Wenn Sie mit Ihrem Pkw einen Unfall verursachen, kommt zunächst einmal Ihre Kfz-Haftpflichtversicherung für den Schaden auf. Liegt jedoch ein Fall von § 142 StGB (unerlaubtes Entfernen vom Unfallort) vor, versucht die Versicherung häufig im Nachgang, den Versicherungsnehmer in Regress zu nehmen. Sie begründet das mit Verweis auf § 28 VVG (Verletzung einer vertraglichen Obliegenheit).

Kausalitätsgegenbeweis - der Rettungsanker 

Der Versicherer kann allerdings keine Leistungsbeschränkung vornehmen, wenn der Versicherungsnehmer nachweist, dass die Pflichtverletzung weder für die Feststellung des Versicherungsfalls noch für das Ob und den Umfang der Leistungspflicht ursächlich war. Man spricht vom sogenannten Kausalitätsgegenbeweis (§ 28 Abs. 3 S. 1 VVG). Vielmehr muss der Versicherer konkret darlegen, dass ihm durch das Verhalten des Versicherungsnehmers Nachteile entstanden sind.

Zum Sachverhalt 

Die Versicherungsnehmerin hatte ein parkendes Auto beschädigt. Das gegen sie eingeleitete Strafverfahren wegen unerlaubten Entfernens vom Unfallort wurde gemäß § 153a StPO (Absehen von der Verfolgung unter Auflagen und Weisungen) eingestellt. Die Kfz-Haftpflichtversicherung regulierte gegenüber der Geschädigten Reparaturkosten in Höhe von ca. 4500 €. Im Anschluss wollte sie die Versicherungsnehmerin in Regress nehmen und erhob Klage in Höhe von 2500 €.

Das AG Ludwigsburg gab der Klage statt und bejahte eine Pflichtverletzung der Versicherungsnehmerin aufgrund der Unfallflucht. Es sei zudem keine Feststellung möglich gewesen, ob die Versicherungsnehmerin alkoholbedingt fahruntüchtig gewesen sei. Der Kausalitätsgegenbeweis sei daher nicht erbracht (Urteil vom 02.12.2020, 7 C 1673/19). Hiergegen legte die Beklagte erfolgreich Berufung ein.

Urteil des LG Stuttgart

Das LG Stuttgart (Az. 4 S 276/20) entschied zugunsten der Versicherungsnehmerin: Die Halterin konnte ohne größeren Aufwand ermittelt werden, daher gab es keine Feststellungsnachteile für die Versicherung. Selbst bei der Annahme, dass die Beklagte sich bewusst unerlaubt von der Unfallstelle entfernt habe, stehe nicht fest, dass hieraus Feststellungsnachteile für die Versicherung entstanden seien.

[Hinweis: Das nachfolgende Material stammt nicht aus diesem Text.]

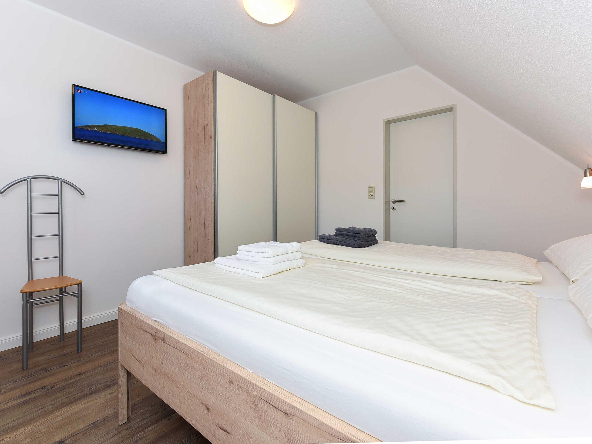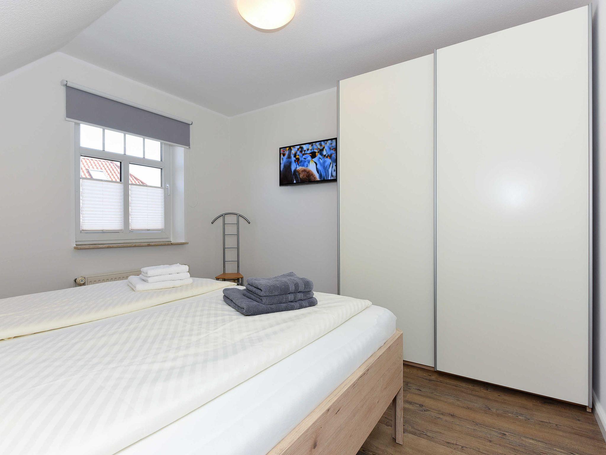 drittes separates Schlafzimmer, Badezimmer mit Dusche, Waschtisch und WC, Obergeschoss, Balkon, optimal für 2 bis 6 Personen und zusätzlich ein Kleinkind.
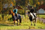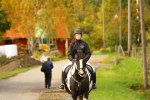 Från första början var det ju egentligen tänkt att Alices medryttare skulle tävla Alice men då hon inte kunde tänkte jag att jag kunde ju faktiskt hoppa i stället! Så i morse var jag och Axel tidigt i stallet och fixade i ordning Alice; borsta, knoppa och klä på tävlingskläderna! Även Ida och Nemo skulle med på tävlingen. Tjugo i tio skrittade vi bort från stallet och ungefär en halvtimme senare kunde vi skritta in på tävlingsområdet i Lexby,
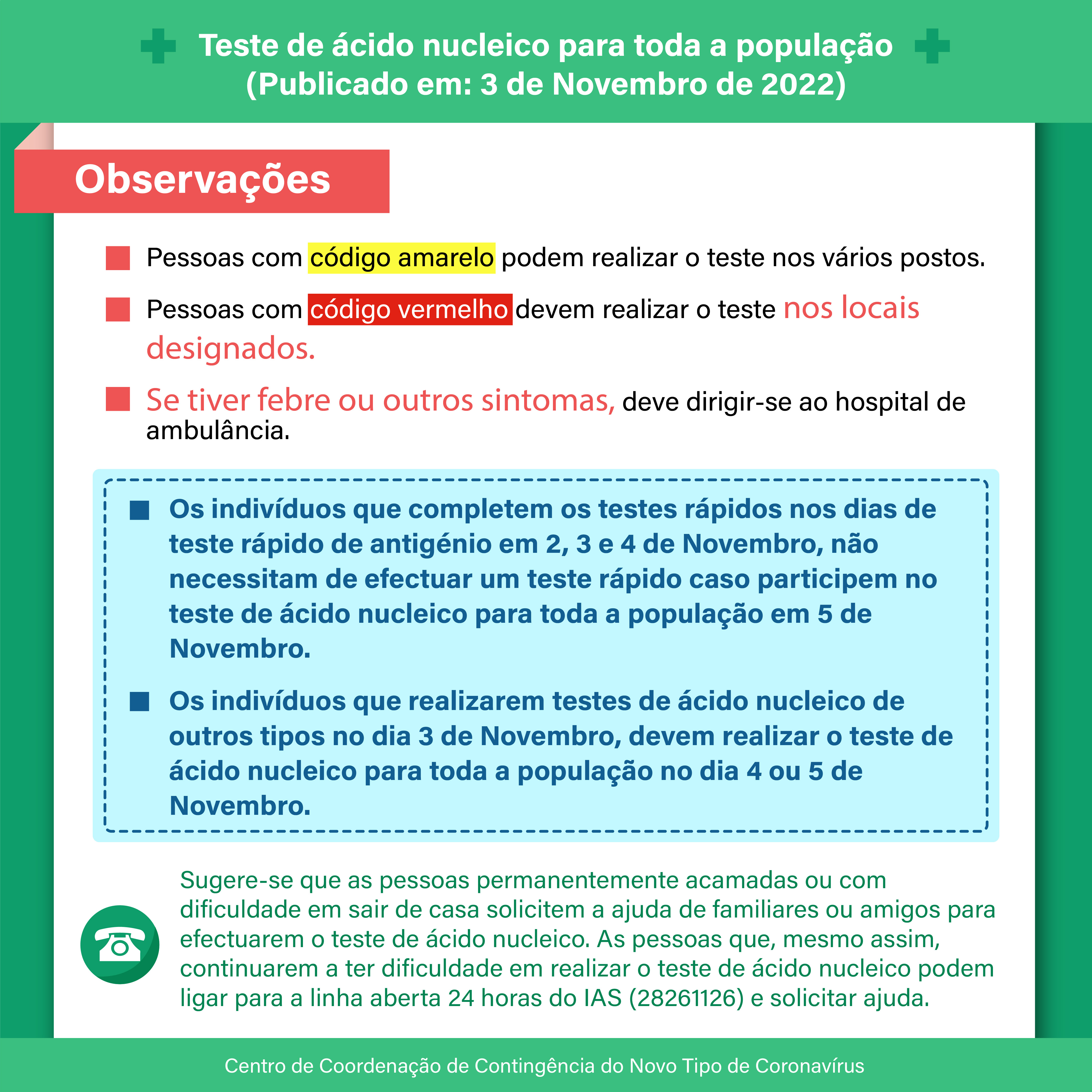 - Caso tenha participado em outros tipos de testes de ácido nucleico, no dia 3 de Novembro, ainda deve participar na 2.ª ronda de teste massivo de ácido nucleico, nos dias 4 ou 5 de Novembro.
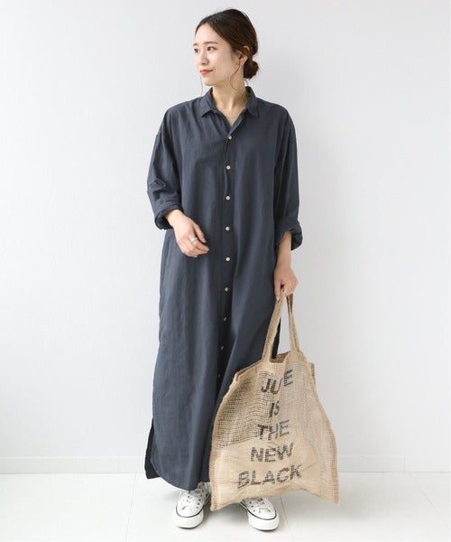 組み合わせ次第できれいめにもカジュアルにも着こなせる、ネイビーカラーのマキシ丈シャツワンピース。
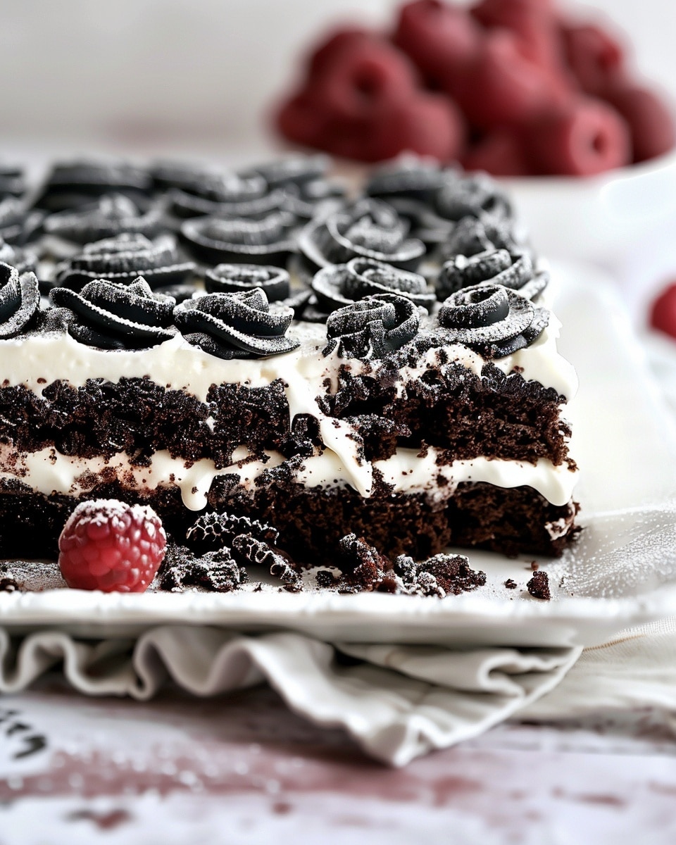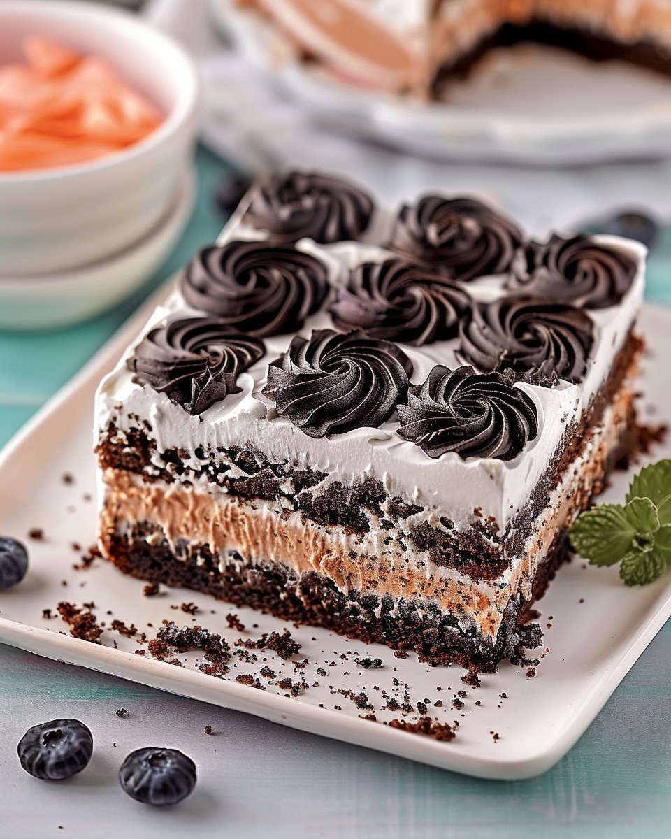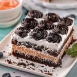 A classic no-bake icebox cake made with layers of whipped cream, chocolate pudding, and cookies that soften into a cake-like texture after chilling, creating a creamy, refreshing dessert.
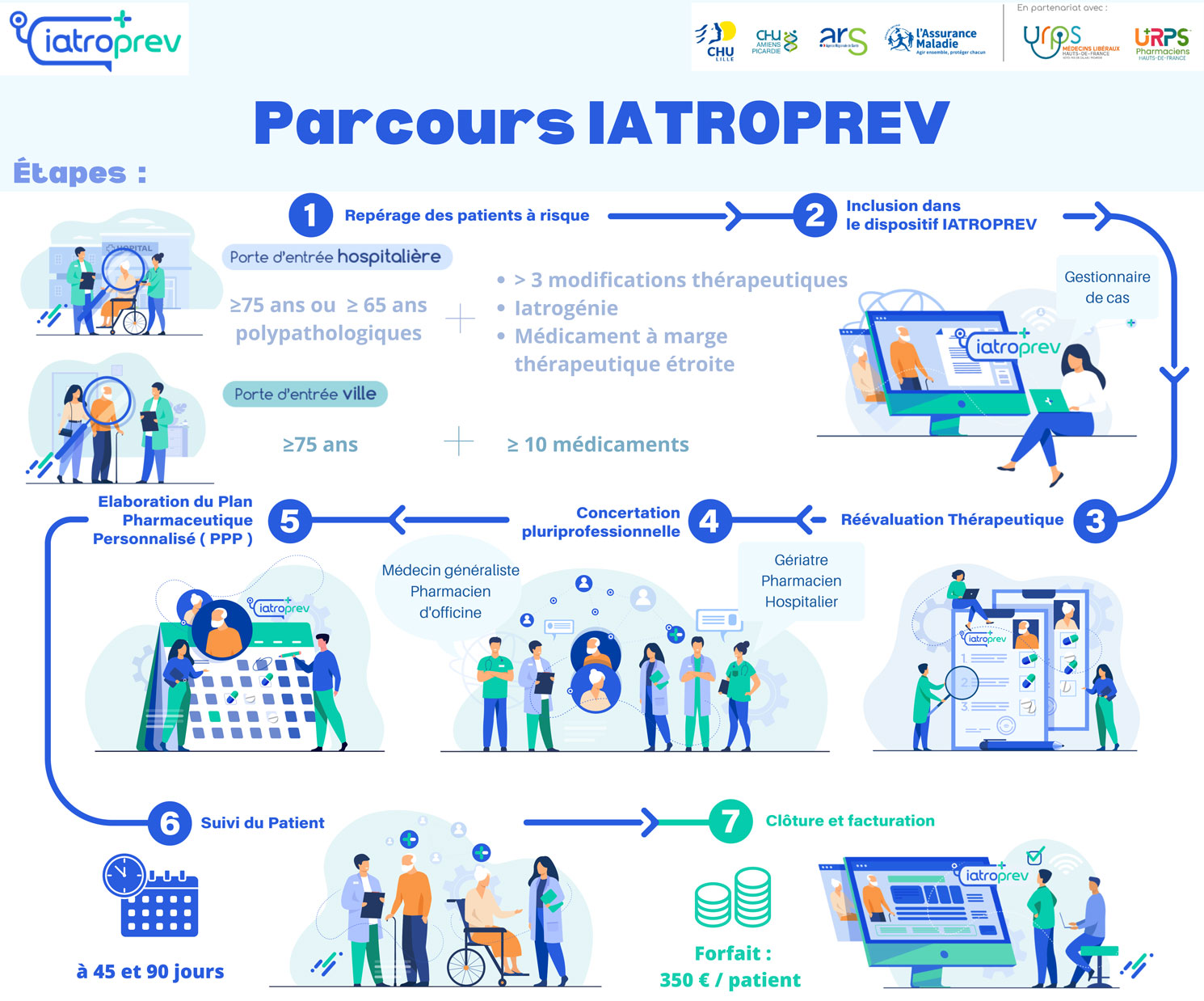 Pour discuter de ces recommandations et, plus globalement, pour faire le point sur les traitements du patient, "une réunion de concertation pluriprofessionnelle téléphonique est organisée entre hospitaliers et professionnels de ville", explique Carole Rognon. Une RCP où "on va s'écouter les uns les autres, c'est le cœur de Iatroprev, ajoute-t-elle. Et c'est ce qui différencie ce programme d'autres projets d'optimisation médicamenteuse." À l'issue de la RCP, les professionnels conviennent ensemble d'un plan pharmaceutique personnalisé (PPP) adapté au patient.

Genereller Verdacht auf Alkohol- oder Drogeneinfluss nicht ausreichend

Zudem ergaben sich aus den Akten keine Anzeichen dafür, dass die Beklagte den Unfall unter Alkohol- oder Drogeneinfluss verursacht hätte. Es handle sich um einen gewöhnlichen „Parkrempler“. Ein genereller Verdacht auf etwaige alkohol- oder drogenbedingte Fahruntüchtigkeit gegen einen Versicherungsnehmer, der sich unerlaubt von der Unfallstelle entfernt, reiche nicht aus. Vielmehr muss der Versicherer im Rahmen des Kausalitätsgegenbeweises konkrete Feststellungsnachteile darlegen, die ihm durch das Verhalten des Versicherungsnehmers entstanden sind. Das sei hier nicht der Fall.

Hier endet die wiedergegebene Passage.